* _Exercise details_
Each line of the data below goes into the copy exactly; pictures do not.

* _Extracted data entries_
|---|

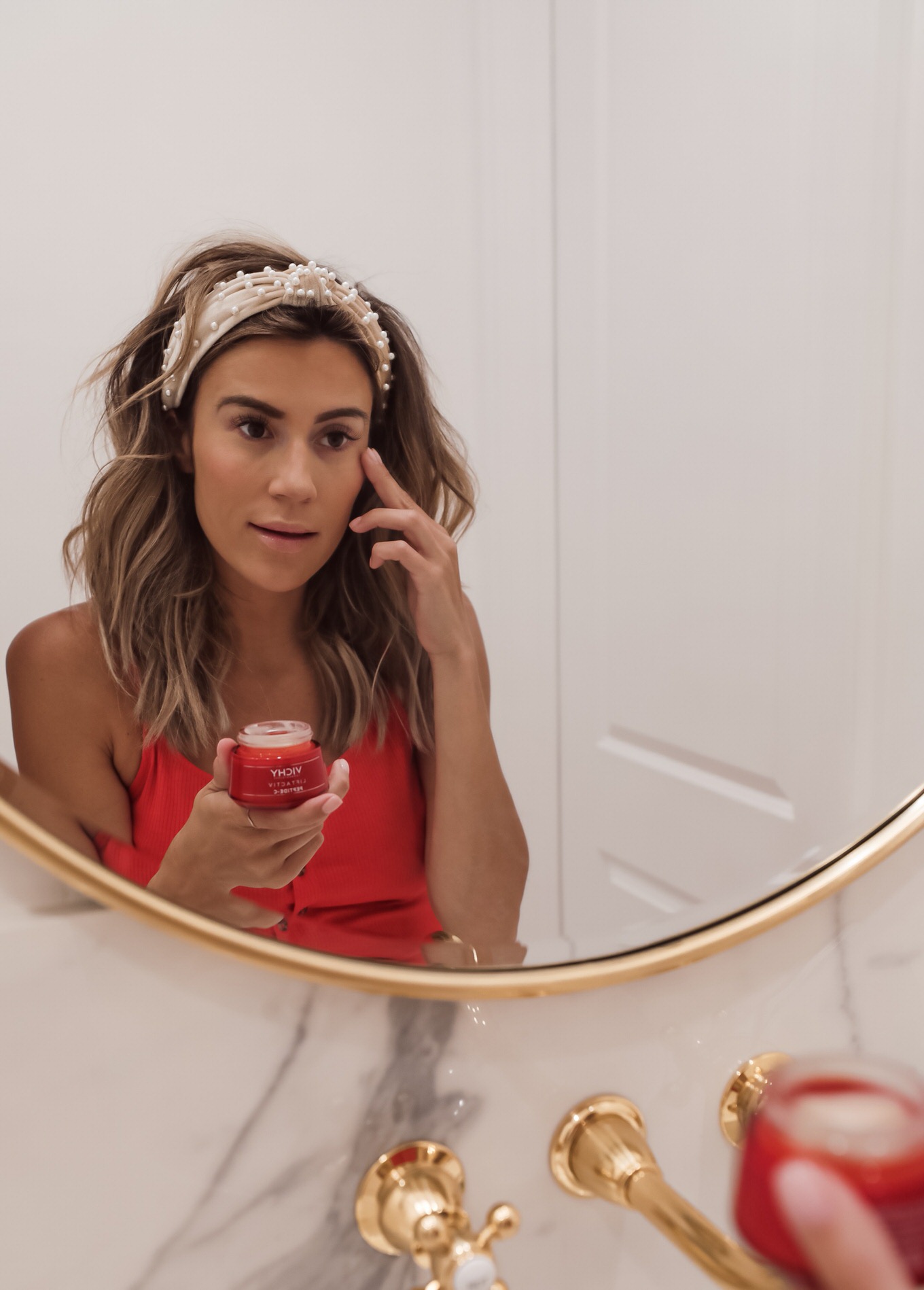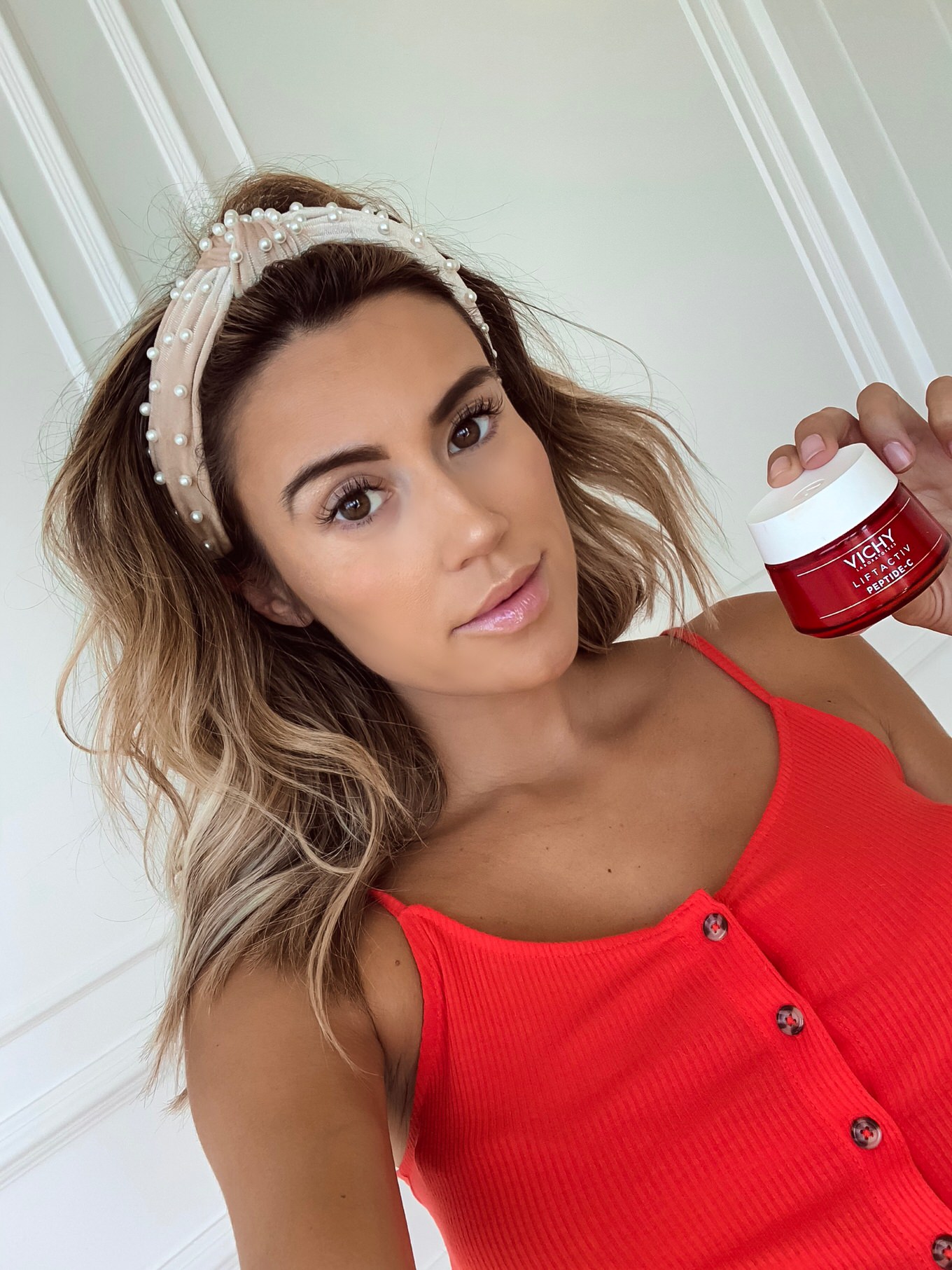 christine andrew red dress vichy liftactive peptide c antiaging moisturizer
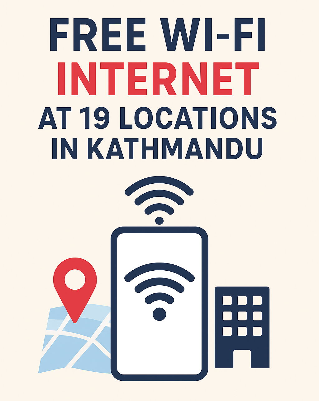 काठमाडौँका विभिन्न १९ सार्वजनिक स्थानमा अबदेखि निःशुल्क वाइफाइ इन्टरनेट उपलब्ध हुने भएको छ। सञ्चार तथा सूचना प्रविधिमन्त्री जगदीश खरेलको पहलमा विभिन्न अस्पताल, पशुपतिनाथ मन्दिर क्षेत्र परिसर, विमानस्थलका साथै संवेदनशिल, महत्वपूर्ण र सार्वजनिक सेवा प्रवाह हुने क्षेत्रमा निःशुल्क वाइफाइ इन्टरनेट सेवा विस्तार भएको हो।
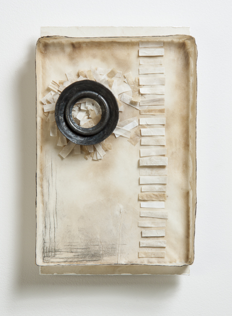 under the falling dark 2016, handmade abaca paper, forged and welded iron, graphite
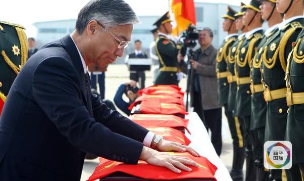 交接仪式现场,中韩双方代表签署了交接书,而后中国驻韩国大使邱国洪为志愿军烈士遗骸覆盖国旗,中方举行简短悼念仪式,中国人民解放军礼兵护送烈士遗骸登上空军专机。
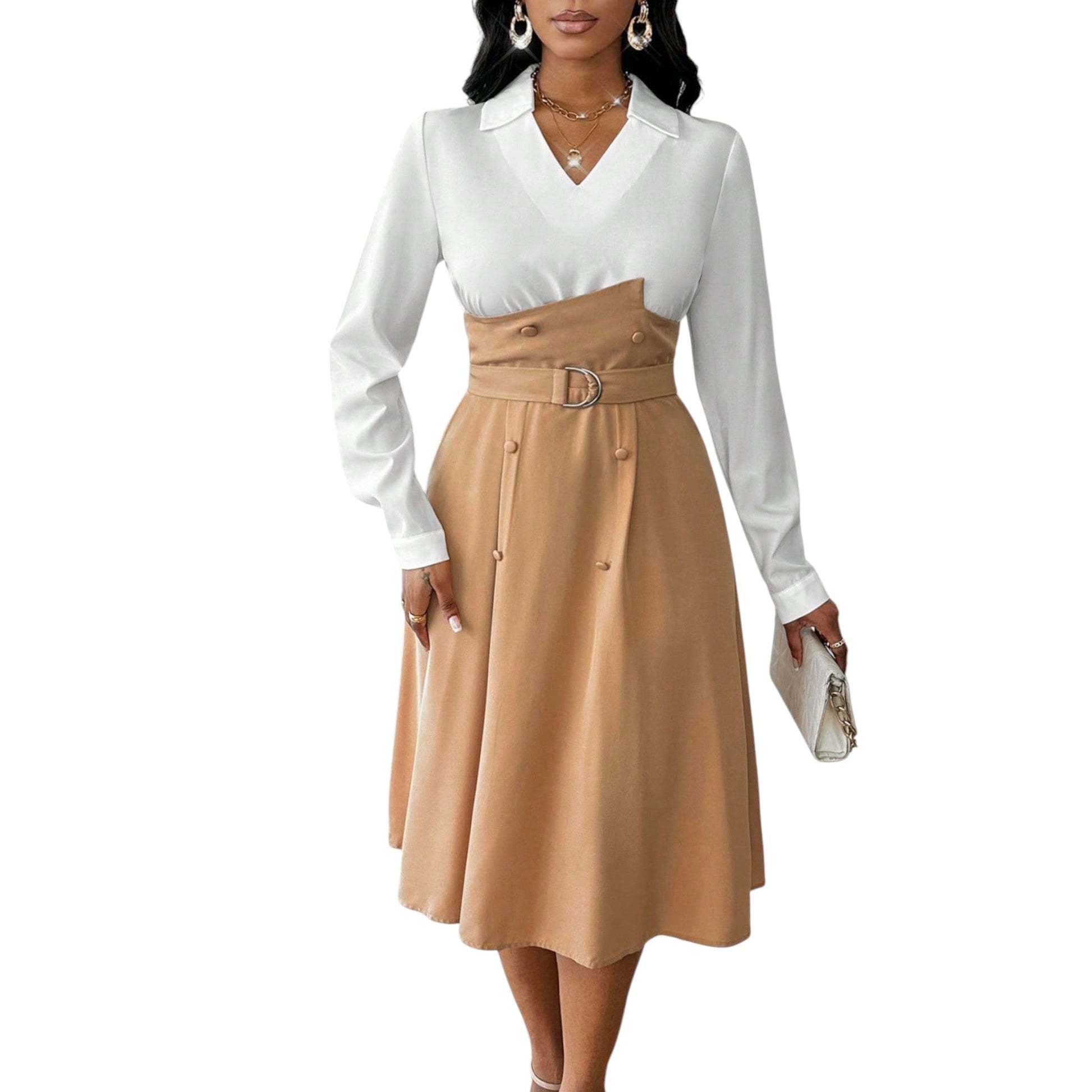 Címke nélküli, bézs és fehér, hosszú ujjú, V-nyakú, galléros, öves midi ruha.
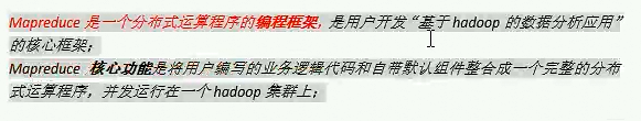 分布式离线计算框架,是分布式运算程序的编程模型,是用户基于hadoop的数据分析应用的核心框架,mapreduce的核心功能是将用户编写的业务逻辑代码和自带的默认的 组件整合到一个完整的分布式运算程序,并运行在hadoop集群上。
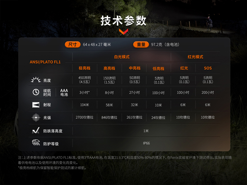◎最高亮度450流明,最遠射程104米◎使用1顆Luminus SST20 白光、2835紅光LED,壽命50000小時◎標配3節AAA(4號)電池,電池易於更換◎紅、白雙光源,滿足多種照明需求◎雙按鍵設計,操作簡單快捷◎60°調節,自由調整照明角度◎加寬鏤空反光頭燈帶,穩固舒適,排汗透氣,安全提示◎電子鎖鍵/解鎖功能,防止誤按點亮◎採用優質PC材質,輕量耐磨◎尺寸(±10%):64(長)x 48(寬)x 27(高)毫米◎重量(±10%):97.2克(含電池)
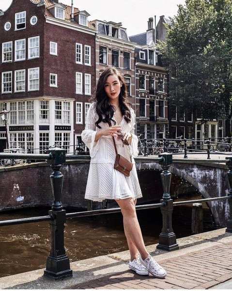 Những chiếc đầm xinh xắn họa tiết chấm bi, kẻ sọc hay sắc trắng đơn giản sẽ giúp bạn gái trẻ trung hơn khi xuống phố.
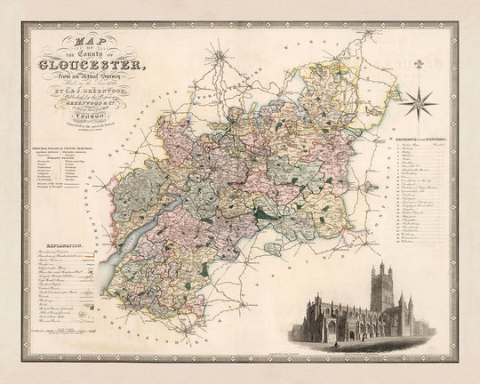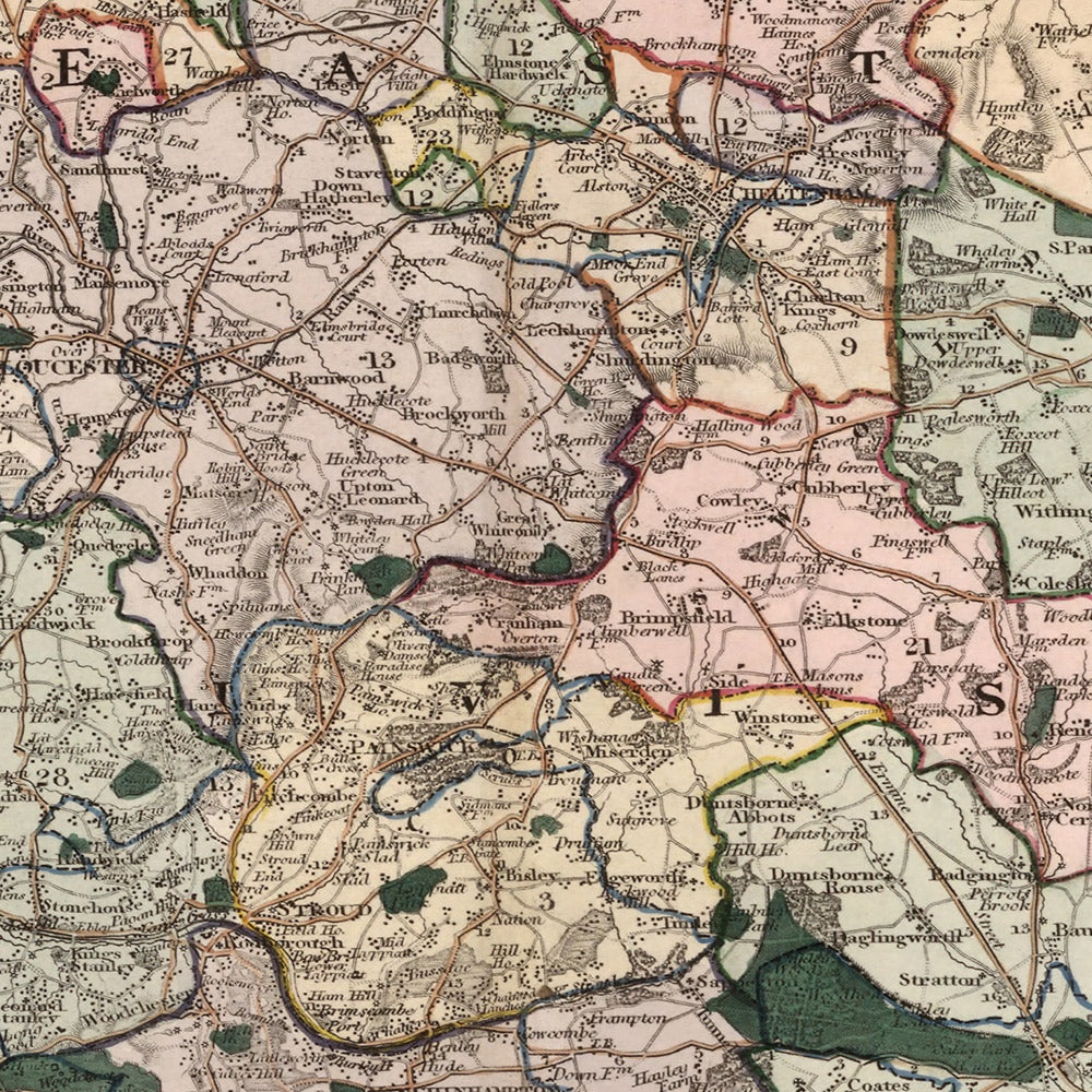 Greenwood clarifies the county’s political complexion through discriminating washes that distinguish its administrative divisions while maintaining legibility across towns and rural districts. The River Severn dominates, sweeping past Tewkesbury at its confluence with the Avon and broadening toward Gloucester, the civic heart vividly inscribed amid radiating roads. Cheltenham, then an ascendant spa, stands prominently to the northeast; Cirencester, heir to Roman Corinium, anchors the Cotswold edge; and Stroud is nestled amid valleys that descend toward the Severn. A dense lattice of turnpike roads and local byways binds these places, articulated with a clarity that suggests coach travel and commercial exchange. The map’s careful hierarchy of lettering and line weights ensures that political borders never overwhelm the practical information so vital to nineteenth‑century movement and trade.
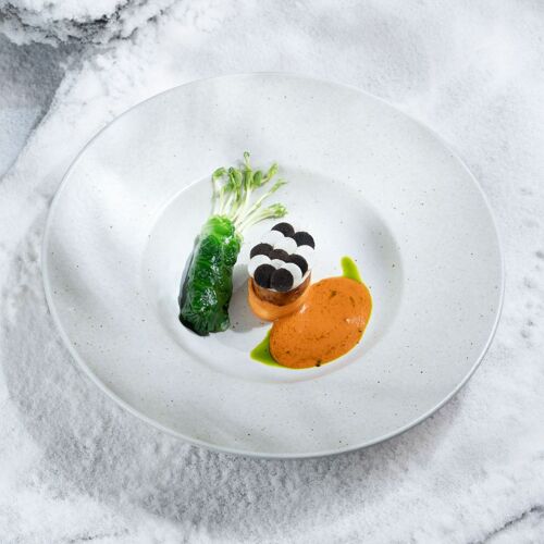 Slat wood panels, exquisite bonsai, a soundtrack of a flowing river – it all imparts a Zen-like ambiance. The young chef has extensive experience in plant-based cooking and the single tasting menu features the season's best produce. The course water bamboo three ways, in particular, showcases the chef's vision and meticulous skills. The plant is grilled, basted in sauce, oven baked and made into a roll, for varied textures and flavours.
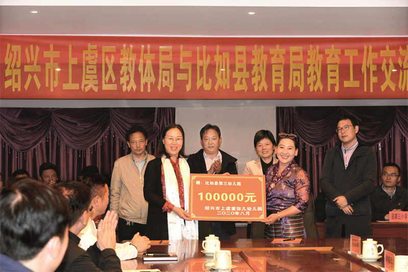 2020年8月,浙江省紹興市上虞區(qū)教體局有關領導帶領上虞區(qū)教育考察團赴比如縣考察對口支援工作 。王莉 攝

|---|

* _Exercise output_
 christine andrew red dress vichy liftactive peptide c antiaging moisturizer
 काठमाडौँका विभिन्न १९ सार्वजनिक स्थानमा अबदेखि निःशुल्क वाइफाइ इन्टरनेट उपलब्ध हुने भएको छ। सञ्चार तथा सूचना प्रविधिमन्त्री जगदीश खरेलको पहलमा विभिन्न अस्पताल, पशुपतिनाथ मन्दिर क्षेत्र परिसर, विमानस्थलका साथै संवेदनशिल, महत्वपूर्ण र सार्वजनिक सेवा प्रवाह हुने क्षेत्रमा निःशुल्क वाइफाइ इन्टरनेट सेवा विस्तार भएको हो।
 under the falling dark 2016, handmade abaca paper, forged and welded iron, graphite
 交接仪式现场,中韩双方代表签署了交接书,而后中国驻韩国大使邱国洪为志愿军烈士遗骸覆盖国旗,中方举行简短悼念仪式,中国人民解放军礼兵护送烈士遗骸登上空军专机。
 Címke nélküli, bézs és fehér, hosszú ujjú, V-nyakú, galléros, öves midi ruha.
 分布式离线计算框架,是分布式运算程序的编程模型,是用户基于hadoop的数据分析应用的核心框架,mapreduce的核心功能是将用户编写的业务逻辑代码和自带的默认的 组件整合到一个完整的分布式运算程序,并运行在hadoop集群上。
◎最高亮度450流明,最遠射程104米◎使用1顆Luminus SST20 白光、2835紅光LED,壽命50000小時◎標配3節AAA(4號)電池,電池易於更換◎紅、白雙光源,滿足多種照明需求◎雙按鍵設計,操作簡單快捷◎60°調節,自由調整照明角度◎加寬鏤空反光頭燈帶,穩固舒適,排汗透氣,安全提示◎電子鎖鍵/解鎖功能,防止誤按點亮◎採用優質PC材質,輕量耐磨◎尺寸(±10%):64(長)x 48(寬)x 27(高)毫米◎重量(±10%):97.2克(含電池)
 Những chiếc đầm xinh xắn họa tiết chấm bi, kẻ sọc hay sắc trắng đơn giản sẽ giúp bạn gái trẻ trung hơn khi xuống phố.
 Greenwood clarifies the county’s political complexion through discriminating washes that distinguish its administrative divisions while maintaining legibility across towns and rural districts. The River Severn dominates, sweeping past Tewkesbury at its confluence with the Avon and broadening toward Gloucester, the civic heart vividly inscribed amid radiating roads. Cheltenham, then an ascendant spa, stands prominently to the northeast; Cirencester, heir to Roman Corinium, anchors the Cotswold edge; and Stroud is nestled amid valleys that descend toward the Severn. A dense lattice of turnpike roads and local byways binds these places, articulated with a clarity that suggests coach travel and commercial exchange. The map’s careful hierarchy of lettering and line weights ensures that political borders never overwhelm the practical information so vital to nineteenth‑century movement and trade.
 Slat wood panels, exquisite bonsai, a soundtrack of a flowing river – it all imparts a Zen-like ambiance. The young chef has extensive experience in plant-based cooking and the single tasting menu features the season's best produce. The course water bamboo three ways, in particular, showcases the chef's vision and meticulous skills. The plant is grilled, basted in sauce, oven baked and made into a roll, for varied textures and flavours.
 2020年8月,浙江省紹興市上虞區(qū)教體局有關領導帶領上虞區(qū)教育考察團赴比如縣考察對口支援工作 。王莉 攝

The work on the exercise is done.